I limiti imposti dalla legge delega al Codice delle Assicurazioni (v. art. 4,
I comma, lett. a) e b), della l. n. 229/2003) non consentivano, infatti, al legislatore di escludere le azioni già precedentemente previste dall’ordinamento in favore del danneggiato; come correttamente evidenziato dalla miglior
dottrina [Peccenini, Guida breve alla nuova disciplina dell’assicurazione della r.c.a, Padova, 2006, 59] si configurerebbe una grave e palese violazione
degli artt. 3, 24 e 76 Cost. se al danneggiato, qualora ricorressero i requisiti
per l’applicazione della procedura di risarcimento diretto, fosse preclusa la
facoltà di promuovere un giudizio risarcitorio nei confronti del responsabile del danno ex art. 2054 c.c., obbligandolo a convenire in giudizio il solo
istituto assicuratore del veicolo utilizzato.
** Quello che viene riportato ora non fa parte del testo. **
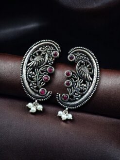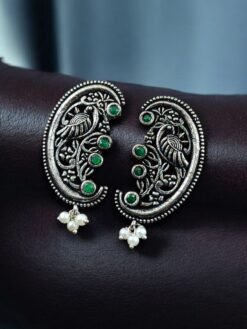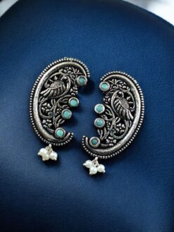 These oxidized German silver peacock earrings pair beautifully with sarees, lehengas, anarkalis, temple jewelry sets, and traditional ethnic outfits. Whether worn as a statement piece or styled with matching jewelry, they elevate your look with elegance and royal charm. Their timeless design makes them suitable for women of all age groups who appreciate heritage-inspired jewelry.

Questa interpretazione del dettato normativo è stata di recente accolta dalla stessa Corte Costituzionale la
quale, chiamata ad esaminare la conformità degli artt. 149 e 150 Cod. ass. in
relazione agli artt. 3, 24 e 76 della Costituzione ha ribadito, con le ordinanze n. 441 del 23 dicembre 2008 e n. 180 del 19 giugno 2009, che i Giudici
hanno l’obbligo di interpretare in maniera costituzionalmente orientata le
norme sospettate di illegittimità: le disposizioni introdotte dal Codice delle
Assicurazioni si limitano “a rafforzare la posizione dell’assicurato rimasto
danneggiato, considerato soggetto debole, legittimandolo ad agire direttamente nei confronti della propria compagnia assicuratrice, senza peraltro
togliergli la possibilità di fare valere i suoi diritti secondo i principi
della responsabilità civile dell’autore del fatto dannoso” (per un’applicazione di tale principio nella giurisprudenza di merito si veda G.d.p.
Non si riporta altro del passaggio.